Echinophoria, SAcco, 1890

ECHINOPHORIA SAcco, 1890 View in CoL

Type species— By subsequent designation ( Dall, 1909), Buccinum intermedium Brocchi, 1814 . Oligocene and Miocene of Italy ( Abbott 1968: p. 96).

Geologic range— Middle Eocene to Recent. Echinophoria View in CoL is present in middle Miocene to early Pliocene strata, as well as uncommonly in the modern record, in the Dominican Republic and elsewhere in the Caribbean Sea region ( Beu 2010).

Differential diagnosis— Spire height moderately low. Inner lip callus thin or absent and columellar callus absent; no false umbilici created by calluses. Aperture wide. Columella long, anterior siphonal canal strongly twisted, slightly to moderately notched, and fasciolate. Siphonal fasciole very distinct, with posterior edge of anterior canal noticeably producing two long “plica-like” spiral structures extending across ventral surface of siphonal canal and reaching notch area; siphonal fasciole separated from base of last whorl by distinct groove. Previous varices rare (on fossils), absent (on modern specimens). Episodic varices rare on fossils and very rare to absent on modern specimens. Terminal varix on outer lip thin to thickened and reflected ( Beu 2010: p. 231).

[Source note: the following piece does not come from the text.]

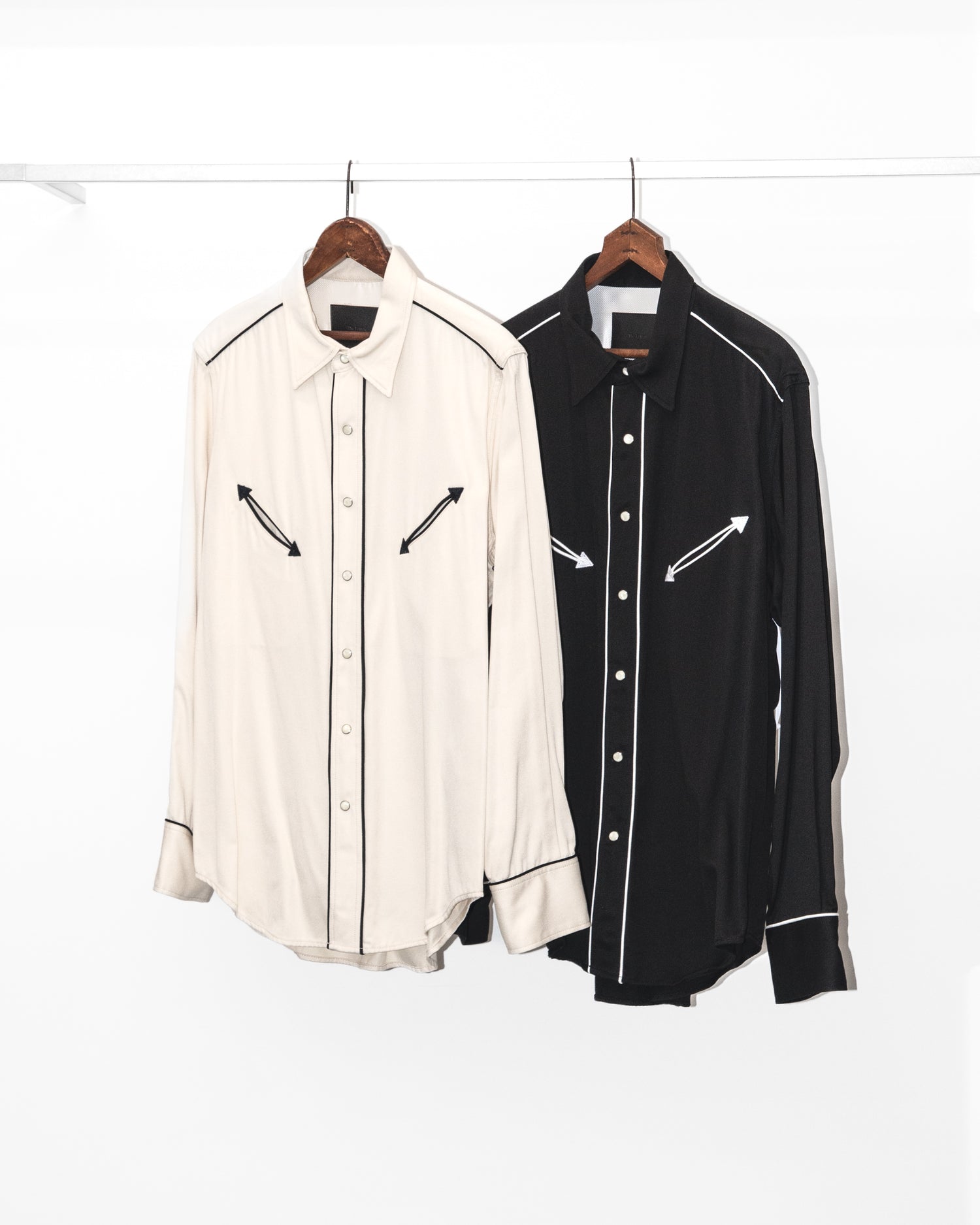 レーヨンギャバジン素材のスマイルポケットシャツ。

Remarks— Beu (2010: p. 242) gave six genus-groups names of Echinophoria . The protoconch of Echinophoria is low-turbiniform, with a well-impressed suture and about three strongly inflated, smooth whorls. Beu (2008, 2010) opined that Echinophoria , with its prominent sculpture resembling that of Galeodea , is likely to have been the stem group of the Phaliinae , evolving from Galeodea late in Cretaceous time.

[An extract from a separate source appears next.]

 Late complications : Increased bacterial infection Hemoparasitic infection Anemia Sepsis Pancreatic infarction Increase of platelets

Durham (1942) was the first to recognize the presence of Echinophoria in the CSWNA region, and he used Echinophoria species to help establish a cassid-biostratigraphic zonation scheme for the Pacific Northwest (PNW). This zonation was developed further and expanded by Armentrout (1975: pp. 18–25). Moore (1984) used the phylogeny of the phaliine genera Echinophoria and especially Liracassis for the purpose of also furthering the PNW cassid-biostratigraphic zones. Prothero and Armentrout (1985) used high-resolution, magnetostratigraphy for refining these zones, and this technique was utilized further by Prothero (2001: fig. 2), Prothero (2003: fig. 1.3), Nesbitt (2003: fig. 4.1), and Nesbitt et al. (2010) to update the cassid zonation. The Galeodea trituberculata zone, which includes the Cowlitz Formation and the tropical-Eocene fauna, is followed, in vertical stratigraphic succession, by the cooler water Echinophoria dalli , E. fax , and Liracassis zones ( Fig. 2). Liracassis is one of several genera that diverged from Echinophoria during the Cenozoic but is now extinct ( Beu 2008: p. 362). Echinophoria differs from Liracassis by having a smaller shell size, absence of strap-like spiral ribs, spiral ribbing never as dominant, nodes never as weak, longer and straighter anterior canal, and weaker development of longitudinal spiral cords on the anterior canal.